Zarate&Kozak, voglia di sorpasso

Zarate&Kozak, voglia di sorpasso

Roma – Entrambi chiaccheratissimi su mercato, in bilico per quasi tutta la sessione estiva 2012-2013, entrambi con la voglia di continuare in biancoceleste e scalare le preferenze di mister Petkovic. Sono rimasti e in parte l’hanno fatto, così come si è potuto osservare nella gare di ritorno all’Olimpico contro il…

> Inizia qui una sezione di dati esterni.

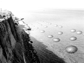 第二件作品的產(chǎn)生來自第一件的啟發(fā)。兩組造型是完全相同的,但放棄了原來以盲文的形式來呈現(xiàn)障礙這個主題。作品完全用雪里白釉噴制而成,純粹的造型上出現(xiàn)了凹凸不平并有刺傷皮膚和口唇可能的堅硬的肌理。確切地說,這一組器皿是無法使用的,令人寒冷、顫抖。迷戀宴席的人們強烈的心理反應可能迅速形成,或?qū)е卵獕捍蠓壬呋蛳陆怠?br />

Roma – Entrambi chiaccheratissimi su mercato, in bilico per quasi tutta la sessione estiva 2012-2013, entrambi con la voglia di continuare in biancoceleste e scalare le preferenze di mister Petkovic. Sono rimasti e in parte l’hanno fatto, così come si è potuto osservare nella gare di ritorno all’Olimpico contro il Mura05, dove Mauro Zarate e Libor Kozak hanno costretto alla tribuna Floccari e capitan Rocchi. Una chances, a meno di 24 ore dalla fine del mercato, che entrambi hanno sfruttando al massimo, interepretando una partita dalle facili distrazioni con abnegazione, intensità e concentrazione. Tre squilli, due dell’attaccante ceko e uno del fantasista argentino, per le orecchie del tecnico croato: musica per le sue orecchie. Il reparto offensivo laziale piò considerarsi affidabile, completo, variegato.

Maurito c’è – Petkovic l’ha ribadito più volte: “Zarate è un campione, ma deve integrarsi in un concetto di squadra e scarificarsi per il gruppo”. Detto, fatto. Il numero 10 laziale, da quando è tornato ha messo in mostra tutte le sue qualità migliori: dribbling, tecnica e velocità. Inoltre è apparso essere maturato dopo l’esperienza lontano dalla capitale, soprattutto dal punto di vista comportamentale e disciplinare, dentro e fuori del campo. Si è presentato tirato a lucido per il ritiro di Auronzo, si è riempito il cuore con l’affetto della gente, con la quale si è reso disponibile come non mai, ha accettato una realtà di sana competizione nel reparto offensivo senza vantare alcuna gerarchia. Sente di poter rivivere una seconda vita biancoceleste e la società, inizialmente scettica, non ha potuto fare a meno di notare tutti questi segnali positivi e tenerlo alla base.

Kozak a due ante – Il gigante ceko dal canto suo, ha sempre vissuto una condizione di seconda linea, nella speranza di trovare maggior spazio per crescere e mostrare le sue doti di ariete. Nelle passate stagioni, da subentrato, è risultato spesso decisivo nelle partite più spinose, dove districarsi sembrava impossibile se non con un’incornata delle sue. Contro gli sloveni l’allenatore gli ha dato fiducia, lui l’ha ripagato con una doppietta, come a reclamare una candidatura leggittima come vice-Klose, che invce Floccari sembrava tenere ben salda tra le mani. Eppure a differenza del buon Libor, stimatissimo da Tare e Lotito, Petkovic aveva avallato proprio la cessione dell’attacante calabrese. Un buon segno per il numero 18 laziale, che ora vede uno spiraglio più ampio per trovare le luci della ribalta. Insieme con Zarate forma una seconda linea competitiva, che non potrà che stimolare chi sta davanti a fare meglio, ma dovranno impegnarsi al massimo.